(Data shown)
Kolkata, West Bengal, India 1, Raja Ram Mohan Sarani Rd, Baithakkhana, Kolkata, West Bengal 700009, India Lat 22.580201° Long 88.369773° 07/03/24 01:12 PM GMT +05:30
(End Data shown)
(Data shown)
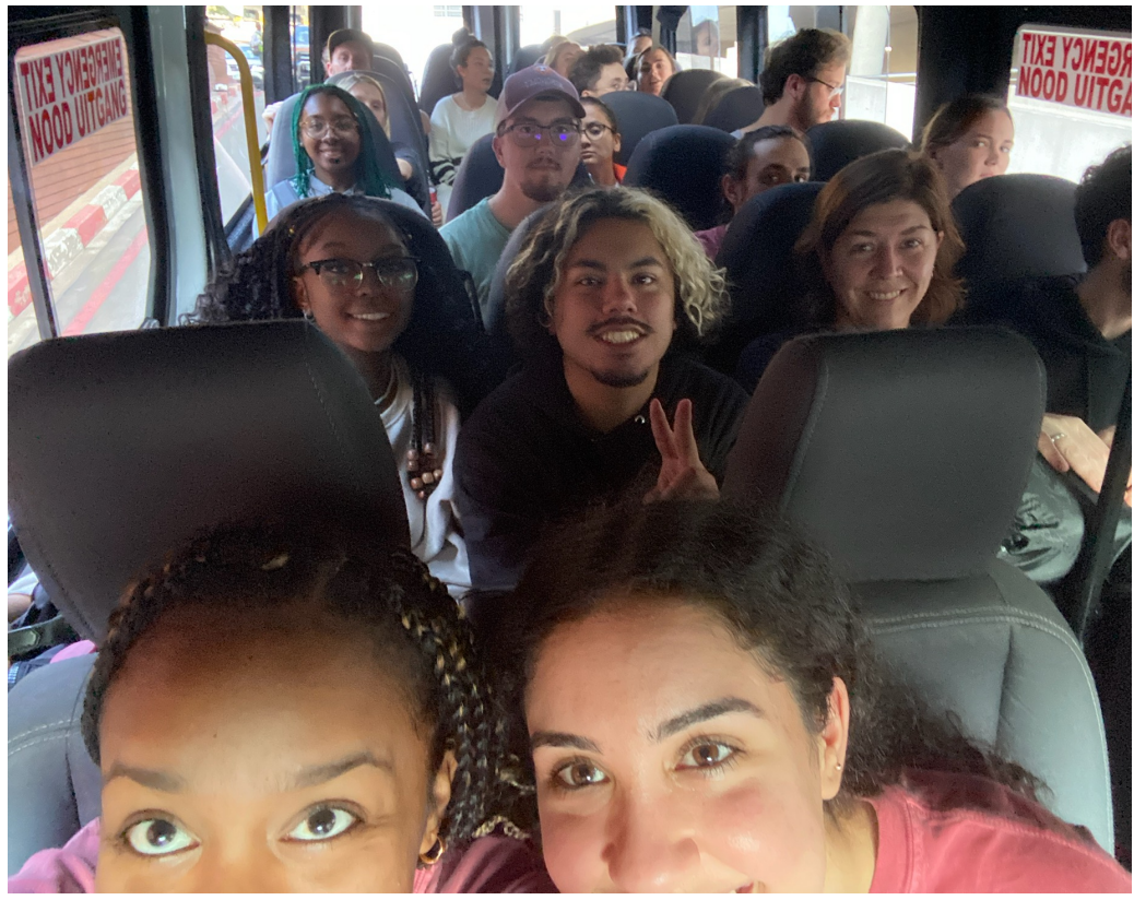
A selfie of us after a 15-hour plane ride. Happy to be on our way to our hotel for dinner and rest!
(End Data shown)
(Data shown)
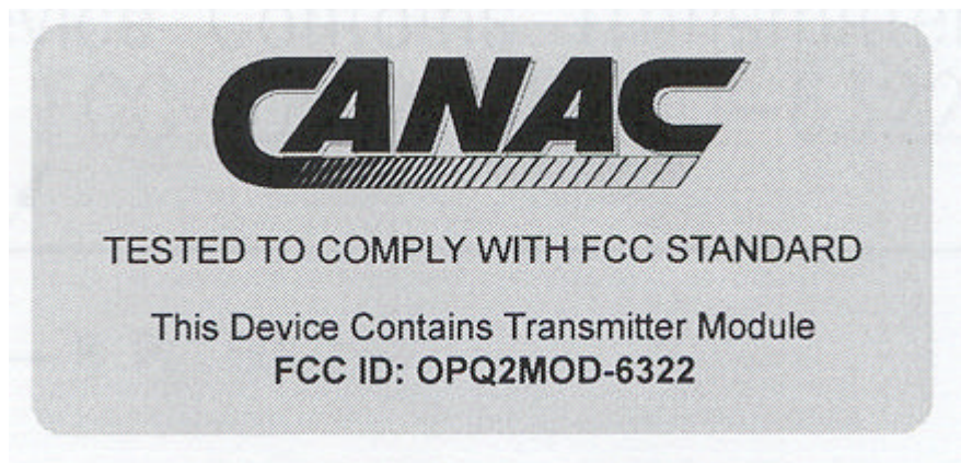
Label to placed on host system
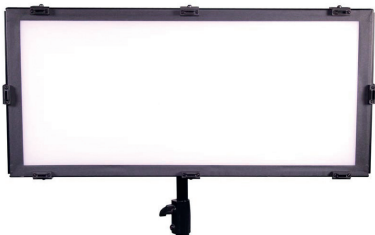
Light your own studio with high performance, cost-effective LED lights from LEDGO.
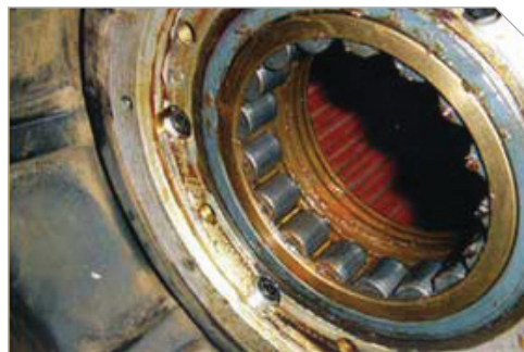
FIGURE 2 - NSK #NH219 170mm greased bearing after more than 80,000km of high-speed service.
(End Data shown)
▸ **What is being asked**
Keep only the lines of the listing that contain the word "high", and copy them.

▸ **Response area**
Light your own studio with high performance, cost-effective LED lights from LEDGO.
FIGURE 2 - NSK #NH219 170mm greased bearing after more than 80,000km of high-speed service.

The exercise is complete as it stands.